A narrative review poses a key question: Just what might make UPFs bad? Is it the nutrient content or the processing that the food undergoes? The authors concluded that we don’t know — which is pretty much the case today. The AHA’s scientific advisory and many recent studies call for more research on the health impacts of food additives and processing techniques, as well as research to clarify the impact of UPFs that have better nutrition profiles.
In her recent essay, Guess called the focus on UPFs “a distraction from what we already know about nutrition.…We consume too much fast food, too many sugary beverages, too many cakes, doughnuts and chips. And we consume too few legumes, fruits and vegetables. We need better food and nutrition policies that make it easier for people to purchase and consume a healthier diet.”
Dicken reported being funded by the National Institute for Health and Care Research (NIHR) University College London Hospitals (UCLH) Biomedical Research Center, a partnership between the UK NIHR and the UCLH National Health Service Foundation Trust; the Rosetrees Trust; and a UK Medical Research Council grant.
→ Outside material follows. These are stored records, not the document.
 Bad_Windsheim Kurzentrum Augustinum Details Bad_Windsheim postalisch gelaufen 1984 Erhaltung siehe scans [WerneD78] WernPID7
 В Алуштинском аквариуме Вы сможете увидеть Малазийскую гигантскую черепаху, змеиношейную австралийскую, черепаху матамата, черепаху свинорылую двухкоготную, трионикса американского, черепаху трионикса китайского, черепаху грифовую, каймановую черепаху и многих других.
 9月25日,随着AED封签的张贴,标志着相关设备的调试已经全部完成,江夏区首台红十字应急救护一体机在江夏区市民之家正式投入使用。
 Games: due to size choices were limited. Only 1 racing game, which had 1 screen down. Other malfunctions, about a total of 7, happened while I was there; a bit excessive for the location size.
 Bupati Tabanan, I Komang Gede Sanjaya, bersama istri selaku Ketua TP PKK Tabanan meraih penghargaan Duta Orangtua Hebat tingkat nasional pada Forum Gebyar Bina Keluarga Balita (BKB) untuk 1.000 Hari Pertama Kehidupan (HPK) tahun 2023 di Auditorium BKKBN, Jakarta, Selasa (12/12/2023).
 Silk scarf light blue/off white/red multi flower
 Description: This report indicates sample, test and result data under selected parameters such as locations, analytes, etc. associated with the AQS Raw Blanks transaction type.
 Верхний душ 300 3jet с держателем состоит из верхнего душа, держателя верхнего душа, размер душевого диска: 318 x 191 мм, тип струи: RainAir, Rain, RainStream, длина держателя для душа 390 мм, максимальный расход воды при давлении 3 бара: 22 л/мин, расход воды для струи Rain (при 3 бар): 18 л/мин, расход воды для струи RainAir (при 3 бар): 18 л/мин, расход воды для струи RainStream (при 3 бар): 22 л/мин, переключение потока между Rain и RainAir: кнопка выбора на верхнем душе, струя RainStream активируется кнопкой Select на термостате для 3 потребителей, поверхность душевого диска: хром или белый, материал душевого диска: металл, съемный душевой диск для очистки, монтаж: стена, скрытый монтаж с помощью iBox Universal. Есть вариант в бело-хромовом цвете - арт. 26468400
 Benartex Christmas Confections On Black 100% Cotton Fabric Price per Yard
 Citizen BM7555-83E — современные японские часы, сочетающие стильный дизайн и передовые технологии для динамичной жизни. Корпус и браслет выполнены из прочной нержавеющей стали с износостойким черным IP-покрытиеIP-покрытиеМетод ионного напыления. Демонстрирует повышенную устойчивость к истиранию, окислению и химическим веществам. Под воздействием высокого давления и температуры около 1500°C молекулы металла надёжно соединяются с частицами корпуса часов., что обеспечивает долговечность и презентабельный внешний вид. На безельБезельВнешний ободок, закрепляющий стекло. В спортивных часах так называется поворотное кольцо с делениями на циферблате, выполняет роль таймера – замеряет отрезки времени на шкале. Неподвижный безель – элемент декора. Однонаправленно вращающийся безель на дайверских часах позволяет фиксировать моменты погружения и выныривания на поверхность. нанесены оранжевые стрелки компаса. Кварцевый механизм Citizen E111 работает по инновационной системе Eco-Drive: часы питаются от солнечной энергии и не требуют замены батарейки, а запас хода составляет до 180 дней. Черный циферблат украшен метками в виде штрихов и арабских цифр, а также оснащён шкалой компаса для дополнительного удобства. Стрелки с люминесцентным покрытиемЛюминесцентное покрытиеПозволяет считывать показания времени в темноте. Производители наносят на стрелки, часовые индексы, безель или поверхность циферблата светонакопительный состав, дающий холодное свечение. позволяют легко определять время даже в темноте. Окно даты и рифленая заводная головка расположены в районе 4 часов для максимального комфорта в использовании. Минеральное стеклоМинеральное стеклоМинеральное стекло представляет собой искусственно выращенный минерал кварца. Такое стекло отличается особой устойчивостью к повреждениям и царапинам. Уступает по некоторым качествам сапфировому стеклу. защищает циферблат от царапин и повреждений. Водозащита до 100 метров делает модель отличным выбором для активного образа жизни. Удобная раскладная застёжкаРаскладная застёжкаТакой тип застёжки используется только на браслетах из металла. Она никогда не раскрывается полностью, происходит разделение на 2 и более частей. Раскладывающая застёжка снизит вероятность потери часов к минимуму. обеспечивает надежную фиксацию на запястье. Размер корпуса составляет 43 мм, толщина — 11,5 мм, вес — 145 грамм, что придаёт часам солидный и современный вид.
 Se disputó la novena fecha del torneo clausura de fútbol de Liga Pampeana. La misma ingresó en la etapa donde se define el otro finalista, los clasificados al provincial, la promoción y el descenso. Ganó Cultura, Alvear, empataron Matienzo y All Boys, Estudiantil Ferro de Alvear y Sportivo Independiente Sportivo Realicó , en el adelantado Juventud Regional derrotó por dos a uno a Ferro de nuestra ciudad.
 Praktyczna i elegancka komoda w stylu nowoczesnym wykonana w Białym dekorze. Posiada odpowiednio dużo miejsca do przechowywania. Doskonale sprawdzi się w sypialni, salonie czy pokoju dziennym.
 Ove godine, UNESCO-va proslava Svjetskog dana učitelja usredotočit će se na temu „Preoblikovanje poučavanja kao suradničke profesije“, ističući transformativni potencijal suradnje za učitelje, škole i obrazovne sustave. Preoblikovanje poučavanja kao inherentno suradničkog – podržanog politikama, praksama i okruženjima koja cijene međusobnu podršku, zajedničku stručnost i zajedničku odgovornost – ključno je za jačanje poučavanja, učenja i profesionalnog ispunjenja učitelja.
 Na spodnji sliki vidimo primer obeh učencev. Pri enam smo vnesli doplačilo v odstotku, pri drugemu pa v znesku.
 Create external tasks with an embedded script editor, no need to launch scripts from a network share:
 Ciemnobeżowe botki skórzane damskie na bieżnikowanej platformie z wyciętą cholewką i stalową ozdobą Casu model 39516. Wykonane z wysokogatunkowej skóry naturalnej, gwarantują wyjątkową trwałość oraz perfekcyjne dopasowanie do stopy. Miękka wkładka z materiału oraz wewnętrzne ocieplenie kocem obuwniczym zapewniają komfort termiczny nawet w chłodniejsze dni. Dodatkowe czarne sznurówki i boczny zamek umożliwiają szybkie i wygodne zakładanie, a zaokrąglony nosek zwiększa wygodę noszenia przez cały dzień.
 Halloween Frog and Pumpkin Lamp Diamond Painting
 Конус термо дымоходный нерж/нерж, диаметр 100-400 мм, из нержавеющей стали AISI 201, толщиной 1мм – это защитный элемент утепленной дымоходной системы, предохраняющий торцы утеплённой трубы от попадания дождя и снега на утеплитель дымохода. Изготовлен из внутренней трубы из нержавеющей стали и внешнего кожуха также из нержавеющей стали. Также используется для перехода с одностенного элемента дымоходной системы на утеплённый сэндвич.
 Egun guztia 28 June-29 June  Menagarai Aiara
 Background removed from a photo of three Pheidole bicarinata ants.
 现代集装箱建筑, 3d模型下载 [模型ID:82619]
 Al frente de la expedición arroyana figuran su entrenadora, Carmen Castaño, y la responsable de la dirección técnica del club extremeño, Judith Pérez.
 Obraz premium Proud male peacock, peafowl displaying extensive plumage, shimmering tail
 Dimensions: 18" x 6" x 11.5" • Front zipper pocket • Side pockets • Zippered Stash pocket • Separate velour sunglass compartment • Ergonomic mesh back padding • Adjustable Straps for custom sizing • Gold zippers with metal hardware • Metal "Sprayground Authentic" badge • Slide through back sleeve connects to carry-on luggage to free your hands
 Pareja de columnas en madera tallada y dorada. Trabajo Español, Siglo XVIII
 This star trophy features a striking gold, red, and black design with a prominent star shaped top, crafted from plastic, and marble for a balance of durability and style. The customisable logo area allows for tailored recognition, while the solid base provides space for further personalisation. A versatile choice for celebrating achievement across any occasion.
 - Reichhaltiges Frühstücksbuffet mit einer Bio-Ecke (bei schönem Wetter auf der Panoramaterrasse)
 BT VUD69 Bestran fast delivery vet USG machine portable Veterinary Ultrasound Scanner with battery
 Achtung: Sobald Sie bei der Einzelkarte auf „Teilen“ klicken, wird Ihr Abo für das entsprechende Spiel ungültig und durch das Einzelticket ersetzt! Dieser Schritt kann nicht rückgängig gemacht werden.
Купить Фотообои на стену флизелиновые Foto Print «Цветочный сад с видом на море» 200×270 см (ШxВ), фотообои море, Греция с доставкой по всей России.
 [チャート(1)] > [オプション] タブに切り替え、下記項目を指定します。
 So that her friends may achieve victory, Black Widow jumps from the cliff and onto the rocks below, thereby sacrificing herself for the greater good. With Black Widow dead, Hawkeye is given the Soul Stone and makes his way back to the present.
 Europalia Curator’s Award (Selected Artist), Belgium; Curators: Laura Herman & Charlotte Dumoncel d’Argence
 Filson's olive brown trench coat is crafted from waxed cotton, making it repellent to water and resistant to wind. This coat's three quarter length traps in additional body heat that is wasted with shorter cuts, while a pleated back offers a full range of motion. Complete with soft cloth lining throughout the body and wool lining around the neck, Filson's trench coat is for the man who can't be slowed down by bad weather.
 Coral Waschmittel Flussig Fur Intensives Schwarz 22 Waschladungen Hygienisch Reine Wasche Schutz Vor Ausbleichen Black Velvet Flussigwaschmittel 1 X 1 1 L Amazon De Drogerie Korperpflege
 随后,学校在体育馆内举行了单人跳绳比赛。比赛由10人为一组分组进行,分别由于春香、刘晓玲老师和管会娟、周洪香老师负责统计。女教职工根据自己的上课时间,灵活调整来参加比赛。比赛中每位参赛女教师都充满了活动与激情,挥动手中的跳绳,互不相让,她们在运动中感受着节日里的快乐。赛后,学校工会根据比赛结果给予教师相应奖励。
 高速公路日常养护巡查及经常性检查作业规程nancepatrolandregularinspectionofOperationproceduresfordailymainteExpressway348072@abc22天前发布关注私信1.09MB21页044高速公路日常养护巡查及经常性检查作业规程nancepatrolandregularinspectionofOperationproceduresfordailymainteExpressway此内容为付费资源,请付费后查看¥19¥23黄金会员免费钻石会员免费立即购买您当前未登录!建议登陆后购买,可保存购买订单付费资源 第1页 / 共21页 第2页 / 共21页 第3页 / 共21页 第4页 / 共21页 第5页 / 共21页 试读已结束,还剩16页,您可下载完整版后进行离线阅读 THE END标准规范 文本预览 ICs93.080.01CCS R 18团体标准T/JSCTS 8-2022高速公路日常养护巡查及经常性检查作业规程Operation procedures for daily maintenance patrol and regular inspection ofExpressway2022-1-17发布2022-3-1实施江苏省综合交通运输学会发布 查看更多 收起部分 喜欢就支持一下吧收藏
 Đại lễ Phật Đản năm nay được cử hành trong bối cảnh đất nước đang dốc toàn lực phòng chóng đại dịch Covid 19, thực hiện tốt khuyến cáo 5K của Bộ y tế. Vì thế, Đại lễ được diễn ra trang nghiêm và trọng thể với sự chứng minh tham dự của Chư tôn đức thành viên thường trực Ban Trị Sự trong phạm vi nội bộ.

Dicken reported receiving royalties from Amazon for a self-published book that mentions UPF, payments from Red Pen Reviews as a contributor, consultancy work for Consensus and Androlabs, and travel fees from a USDA National Institute of Food and Agriculture grant to present a workshop on food processing classifications.
Marilynn Larkin, MA, is an award-winning medical writer and editor whose work has appeared in numerous publications, including Medscape Medical News and its sister publication MDedge, The Lancet (where she was a contributing editor), and Reuters Health.